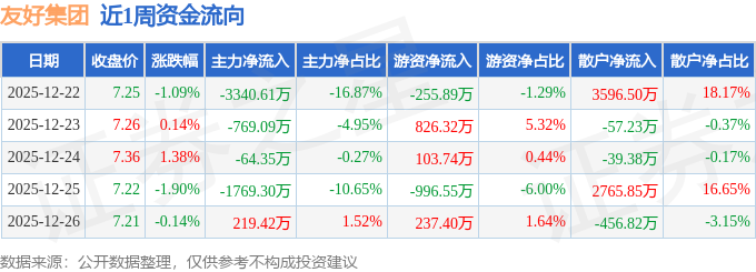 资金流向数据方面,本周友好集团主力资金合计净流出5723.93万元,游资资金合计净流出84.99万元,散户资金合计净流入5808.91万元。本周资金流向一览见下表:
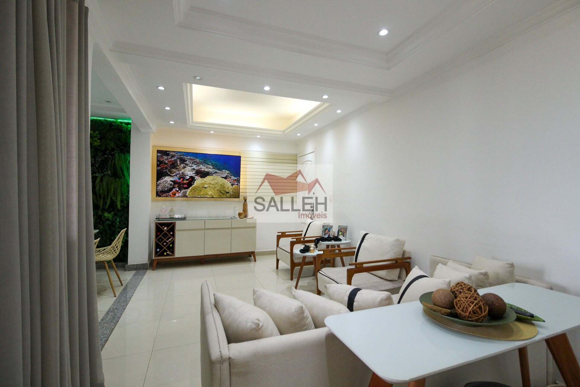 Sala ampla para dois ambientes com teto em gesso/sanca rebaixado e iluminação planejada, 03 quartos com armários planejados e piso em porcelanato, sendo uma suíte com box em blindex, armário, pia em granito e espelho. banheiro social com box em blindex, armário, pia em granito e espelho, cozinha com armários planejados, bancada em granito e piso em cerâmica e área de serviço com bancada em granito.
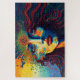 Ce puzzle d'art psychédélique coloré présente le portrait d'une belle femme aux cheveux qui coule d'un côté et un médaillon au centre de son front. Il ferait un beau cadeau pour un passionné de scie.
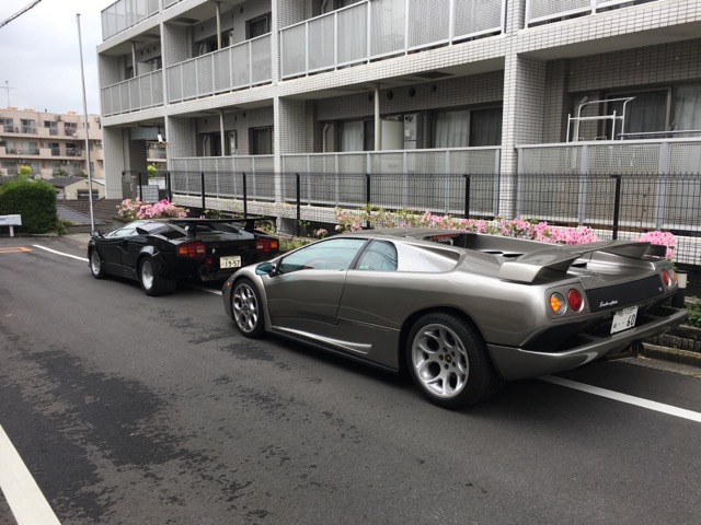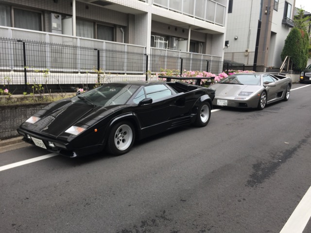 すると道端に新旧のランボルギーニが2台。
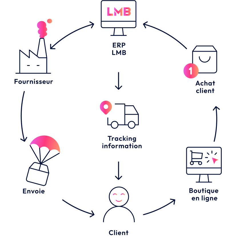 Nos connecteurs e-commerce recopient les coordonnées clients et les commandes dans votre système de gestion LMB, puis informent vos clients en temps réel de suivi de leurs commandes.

★ ★ ★

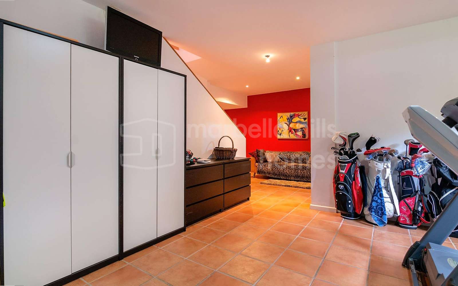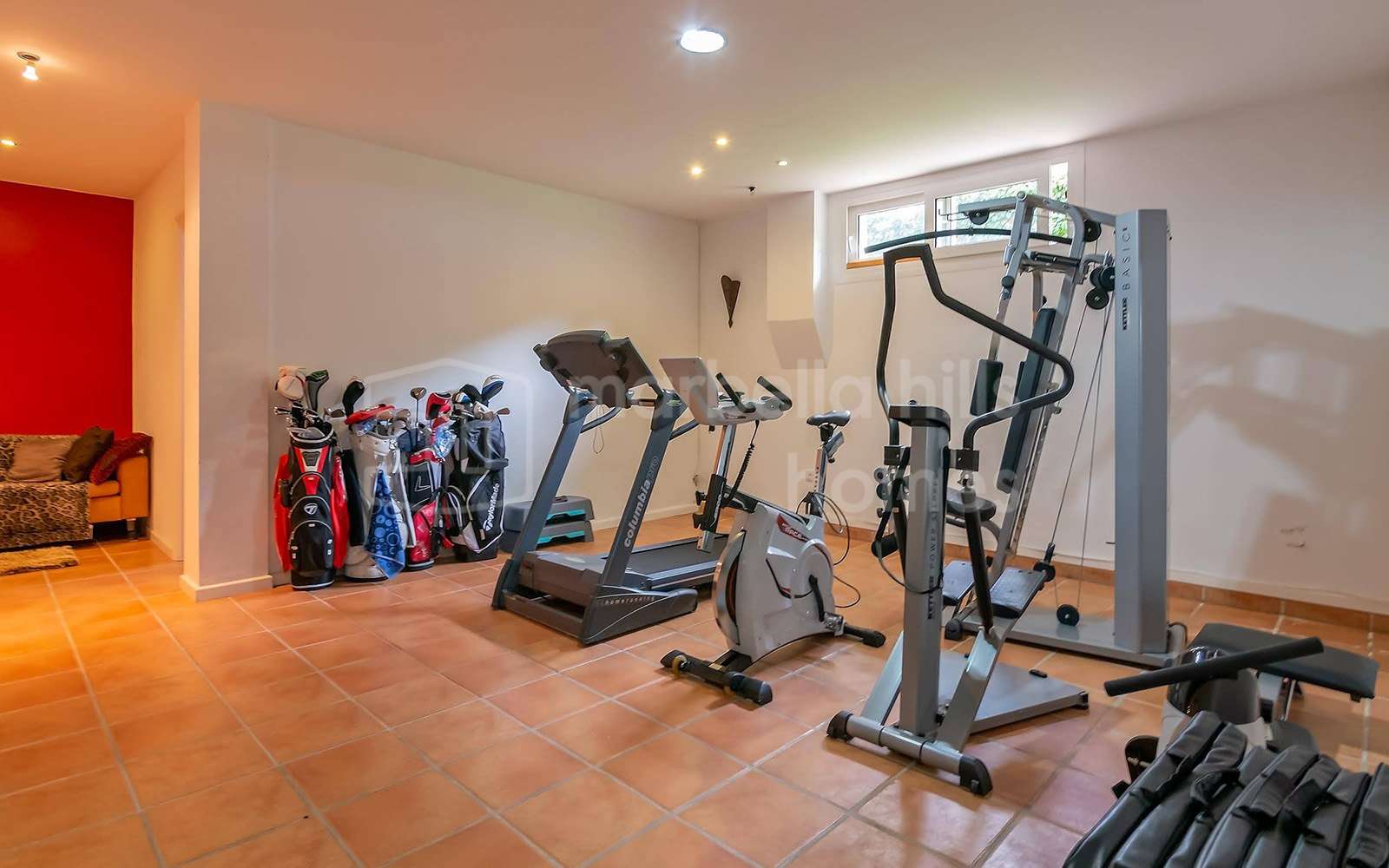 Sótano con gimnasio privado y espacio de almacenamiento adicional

★ ★ ★

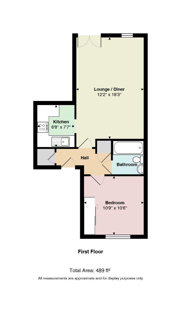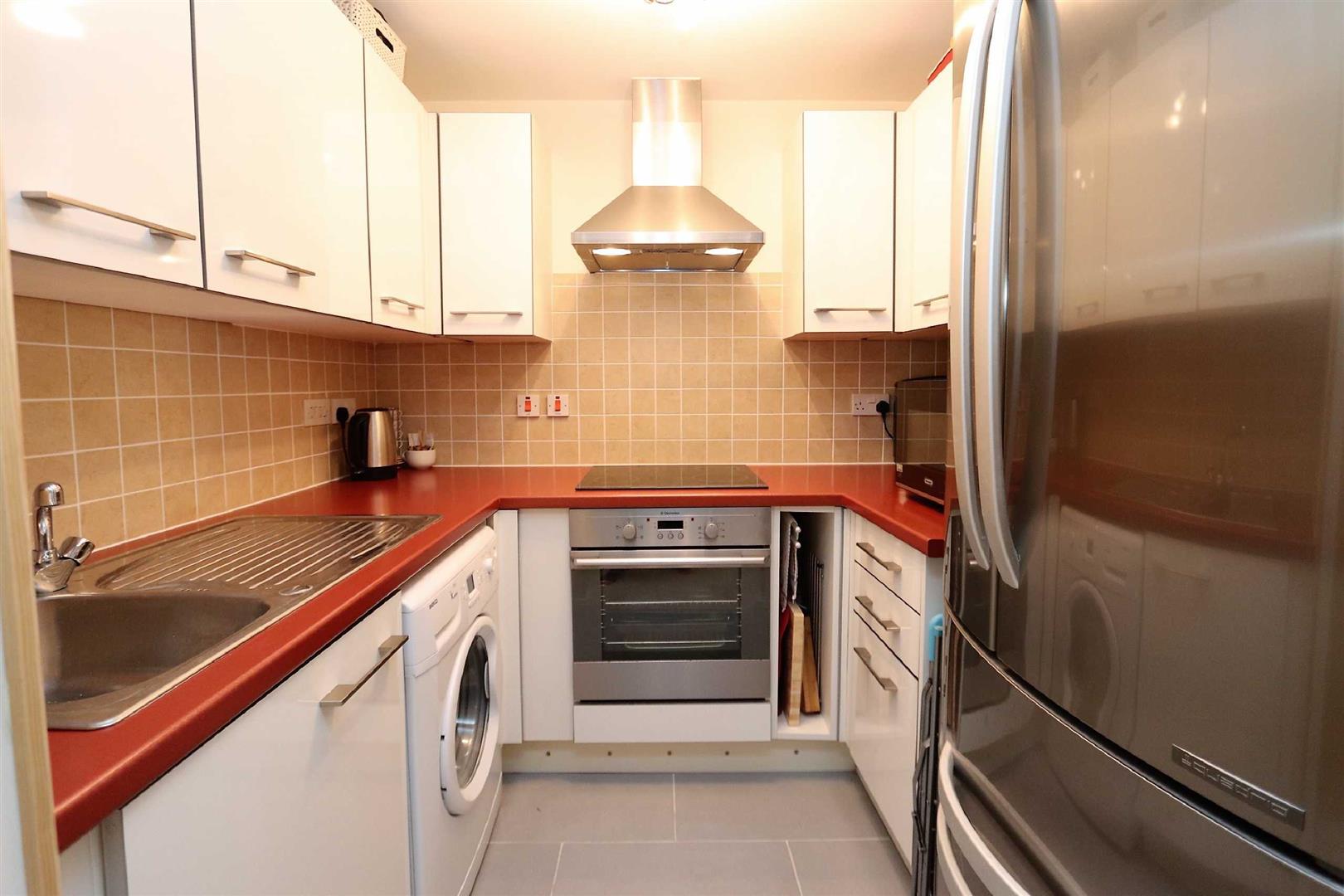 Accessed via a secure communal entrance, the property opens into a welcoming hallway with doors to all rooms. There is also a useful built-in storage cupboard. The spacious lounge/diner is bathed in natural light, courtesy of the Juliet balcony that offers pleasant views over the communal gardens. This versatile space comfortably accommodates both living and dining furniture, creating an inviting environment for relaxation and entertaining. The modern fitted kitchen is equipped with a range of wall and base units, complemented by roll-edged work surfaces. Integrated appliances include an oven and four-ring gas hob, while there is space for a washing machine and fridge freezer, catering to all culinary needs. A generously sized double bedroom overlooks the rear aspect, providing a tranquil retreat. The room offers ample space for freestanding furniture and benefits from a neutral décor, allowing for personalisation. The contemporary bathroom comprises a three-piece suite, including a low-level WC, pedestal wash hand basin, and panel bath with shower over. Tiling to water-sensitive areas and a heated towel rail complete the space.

★ ★ ★

• What you are asked to do:
Nothing but the lines above from the line with "すると道端に新旧のランボルギーニが2台。" up to and including the line with "Nos connecteurs e-commerce" should be returned, exactly as written and without pictures.

• Answer space:
 すると道端に新旧のランボルギーニが2台。
 Nos connecteurs e-commerce recopient les coordonnées clients et les commandes dans votre système de gestion LMB, puis informent vos clients en temps réel de suivi de leurs commandes.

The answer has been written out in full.